ViewModel to ViewModel Communication


Given the following scenario:

  1. ViewModelA launches ViewModelB (via a common Controller, of course, that uses Ioc and DI to resolve the types needed).
  2. ViewModelB needs to set a property value in ViewModelA.

Is it bad to simply inject ViewModelA into ViewModelB via constructor injection and just set the property directly?

Or…

Should a messaging system like the EventAggregator from Prism be used to handle all communication between ViewModels?

I like the injection approach because it’s easy, but my instincts are telling me I’m missing something. I call on your collective wisdom to help fill in my blind spot.


Solution

  • I suggest you read this question (and my answer) since it's similar, but not exactly your problem. It does deal with communication of properties between parent/child ViewModel objects.

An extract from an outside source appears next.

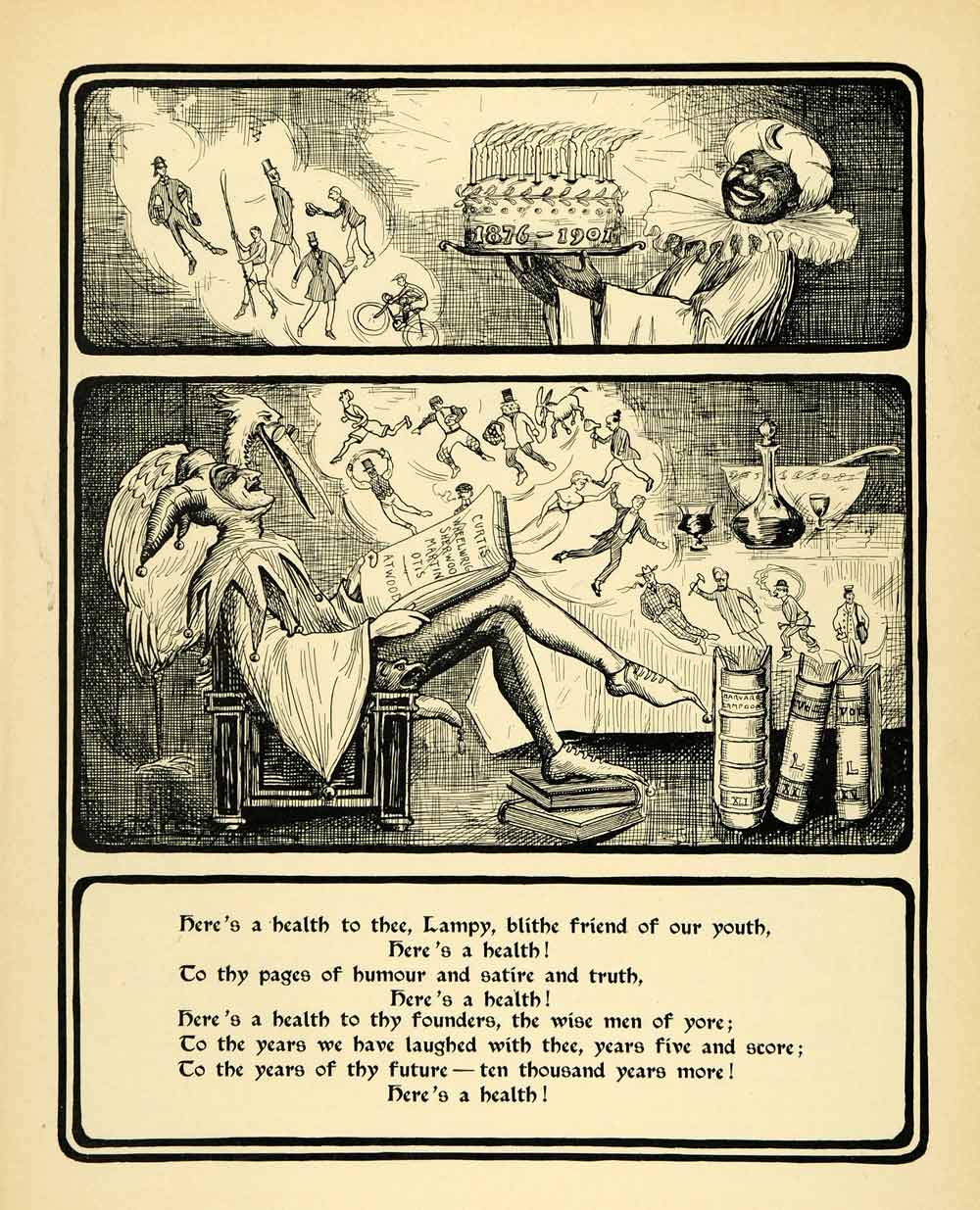 1901 Print Harvard Lampoon 25th Anniversary Lampy Threskey Negro Minstrel HVD1
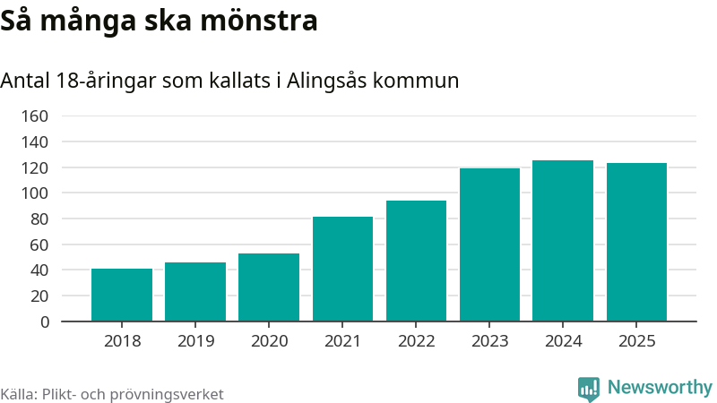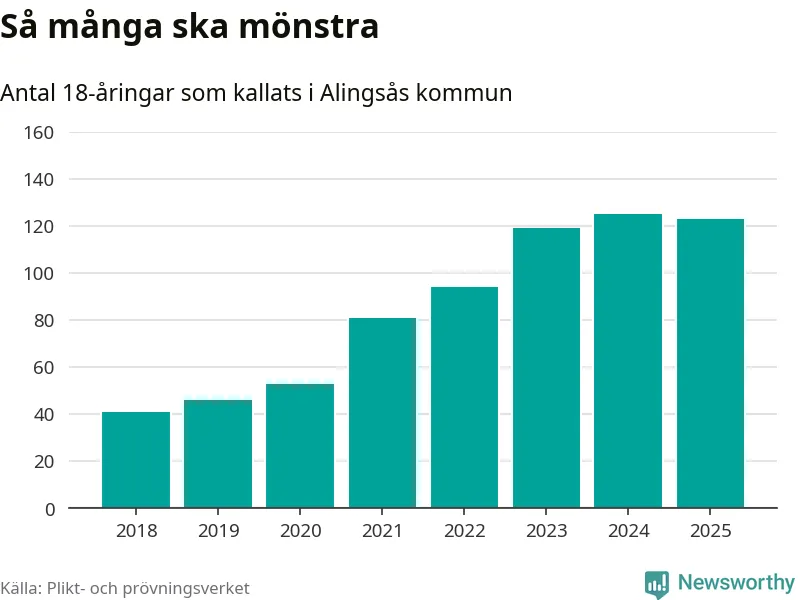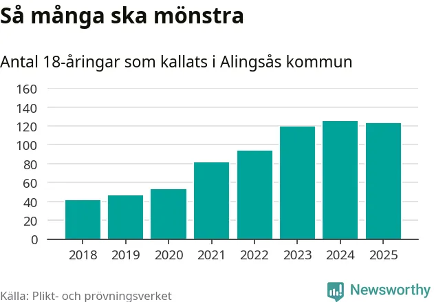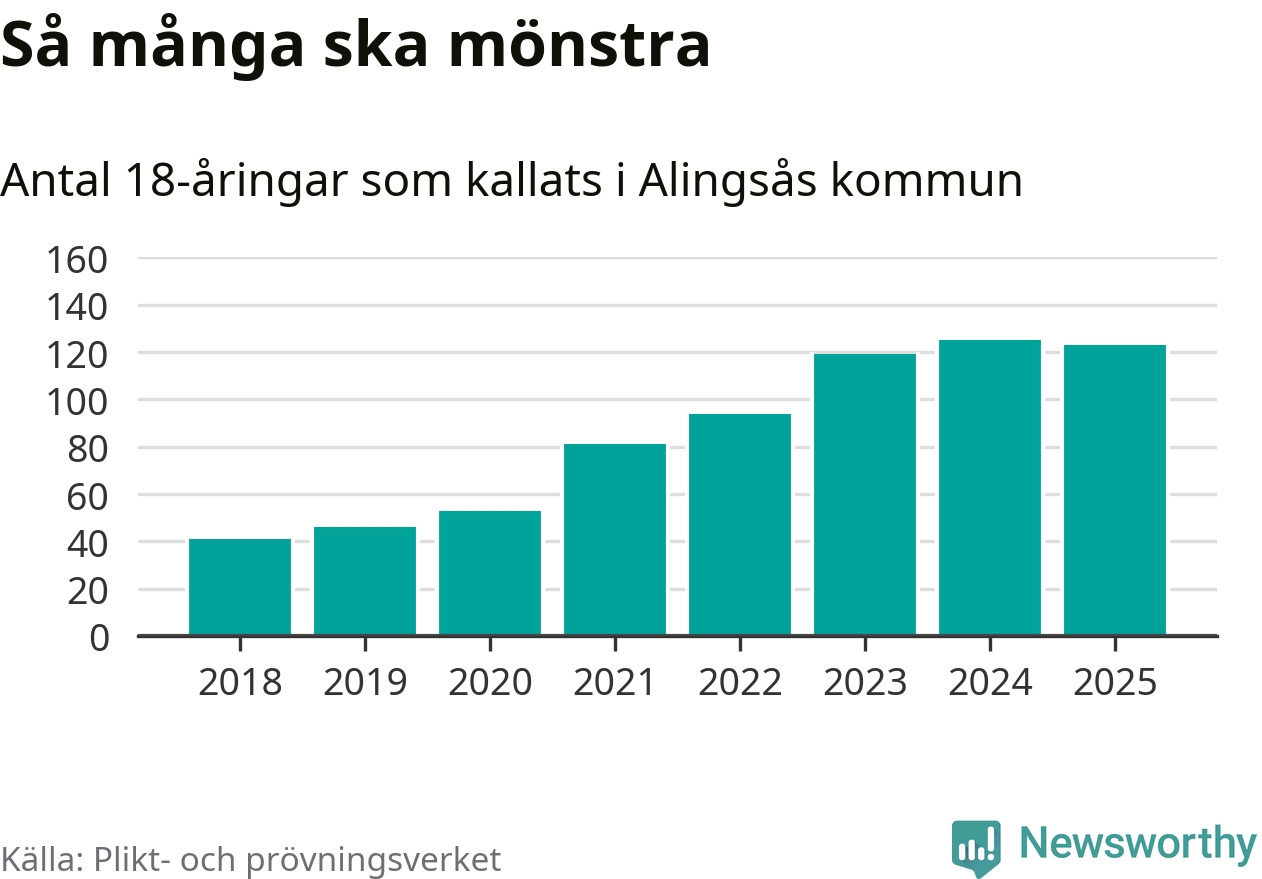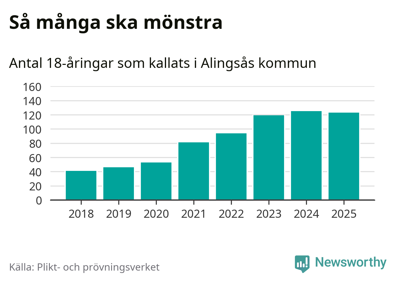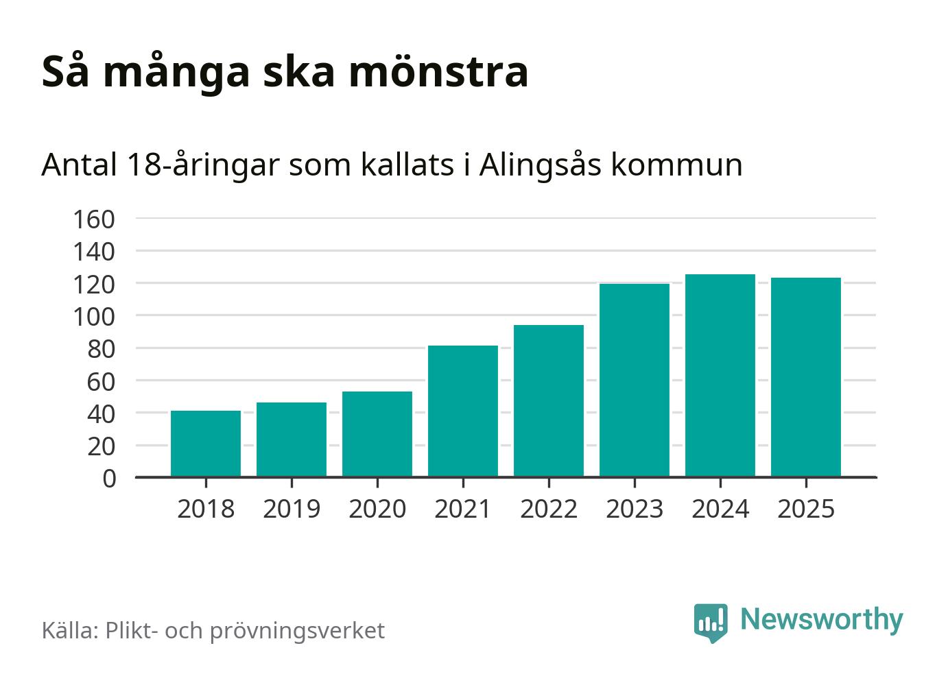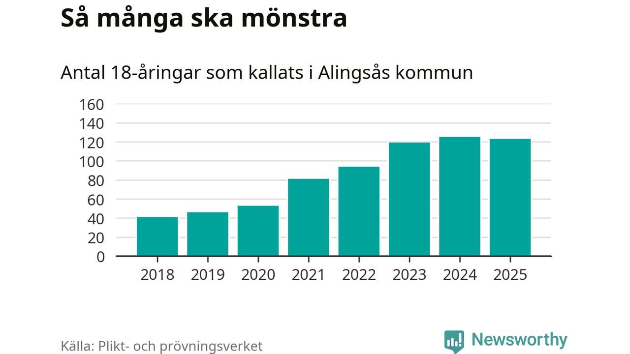 Nu kallas omkring 28 200 svenskar födda 2007 till mönstring. Och 123 av dem kommer från Alingsås, enligt ny statistik från Plikt- och prövningsverket. Det innebär att nästan var fjärde invånare i åldersgruppen i kommunen kallas till mönstring. Det är ungefär lika stor andel som i Västra Götaland totalt. Även i riket som helhet kallas nästan var fjärde person i årskullen.

    Let's look at a basic example:

    • ViewModelA is the parent and has to present the Sum of some property on B
    • ViewModelB is the child and has a property that needs summing

    So the user makes a request to edit the property on B and the request succeeds, so B presumably changes the value of its property and fires a PropertyChanged event.

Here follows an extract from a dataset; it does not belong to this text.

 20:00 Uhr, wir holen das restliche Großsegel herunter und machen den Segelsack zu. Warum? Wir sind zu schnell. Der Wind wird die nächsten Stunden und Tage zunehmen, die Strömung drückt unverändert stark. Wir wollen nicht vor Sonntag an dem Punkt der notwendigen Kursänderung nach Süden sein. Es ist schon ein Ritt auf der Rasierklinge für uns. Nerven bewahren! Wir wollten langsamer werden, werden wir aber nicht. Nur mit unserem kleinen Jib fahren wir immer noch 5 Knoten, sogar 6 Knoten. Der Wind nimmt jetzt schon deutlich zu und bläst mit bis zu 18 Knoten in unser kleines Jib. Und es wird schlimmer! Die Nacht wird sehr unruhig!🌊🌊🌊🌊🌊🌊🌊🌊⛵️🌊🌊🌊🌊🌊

    ViewModelA could subscribe to the events on all children, but having gone down that path, I don't like it. When children are added and removed, you have a lot of bookkeeping to do.

    Injecting A into B is cleaner, but you still have a lot of bookkeeping to do. What if you have a "Clear Children" action on A? You have to remember to properly get rid of the parent relationship from B to A in all cases. Still it's better than events in my opinion because it's more explicit.

    Personally I like the messaging idea. I'm more familiar with MVVM Light's messenger than Prism, but it's the same idea... a global message bus. At any time, any B can say "I changed my property!" and then A listens for the notification and does the computation itself. I think this is your cleanest solution with much less bookkeeping.